2021年4月1日木曜日

【侵略する豚】青沼陽一郎 著 小学館 2017年10月2日 初版第1刷発行

 冒頭から桜田門外の変の話で歴史小説かという感じですが、アメリカ・中国の食糧戦略とそれに対して無策な日本の現状のお話。

桜田門外の変で殺害された井伊直弼は開国派、殺害した脱藩した水戸藩士と薩摩藩士。

水戸藩の徳川斉昭は公に牛肉を生産していた彦根藩から献上される牛肉を好んでいたが井伊直弼は仏教の教えから食肉を禁じたので献上を断った。その子である徳川慶喜は豚一殿(豚肉の好きな一ツ橋の殿様)と呼ばれ、豚を江戸藩邸で飼っていた薩摩藩に再三無心しており、家老であった小松帯刀に辟易されていたという話に、井伊憎し、徳川碌なもんじゃないという印象がなかったとは言えないのではないかと。


タイトルの「侵略する豚」の最初は伊勢湾台風で大きな被害を被った山梨県にアメリカのアイオワ州から畜産振興のためにということで空輸された35匹の豚(予定では40匹だったが輸送機のキャパシティから36匹になり1匹は輸送途中で死んだ)

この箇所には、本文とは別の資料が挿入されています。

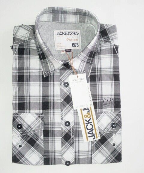 Jack & Jones 純棉灰色格仔男士長袖恤衫

この豚は支援であると同時に当時飼料の余剰に悩んでいたアイオワ州の生産者組合の消費地拡大の思惑もあったという。

現在、日本の畜産に使用される配合飼料はアメリカから多く輸入されており、その35頭から増えた豚は日本全国へ広がって食習慣を変え豚の消費量が増えた日本へ豚を輸出する。

世界第1位の豚肉消費国である中国は、人口の割に耕作に適した土地が少なく、さらに経済成長のためにそういった土地も工業用地へ。効率よく収穫するために農薬を使って収穫できるだけ収穫してきたから土地がやせてまともな作物の栽培には向かない土地が増え、飼料を含め農産物の輸入が増え、値上がりする。

また、日本国内事業者が安全性に問題があるからと使用を求めずEUや中国で使用が禁止されているホルモン剤をアメリカらカナダでは使っているが、その輸入は禁止されていないということも相まって安くて効率のいい、しかも自動車貿易を盾にされて解放せざるを得ない日本の畜産は立ち行かなくなっている…と。

アメリカも中国も長期的な視点で戦略的に考えているけれど、日本では田中角栄時代に大豆のアメリカ一国依存対策でブラジルとの共同農地開発プロジェクトくらい…とは言っても、その遺産は中国の対米依存対策に使われているという。

田中角栄が考えたというよりは危機に際して官僚と政治家が動いたということなのだろうけど、政治主導と声高に言う政治家にはそんな能力はなさそうだし、そんな状況で今の官僚にはそんな余裕はなさそう。

田中角栄が偉かったのは、政治と行政をきちんと把握して、出来ること・出来ないことをきちんと分けてやるべきことをやったところなのだろうな。

自由貿易の一番効率のいいところで作って世界中にいきわたらせればいいんじゃという考えは貧富の差が固定しやすいし、輸送トラブルがあったら立ち行かないというデメリットがある。

工業製品の輸出のためには農家は犠牲になっても仕方ないという考え方は、石油を止められて開戦に至った太平洋戦争の反省がされていないんだろうなと思う。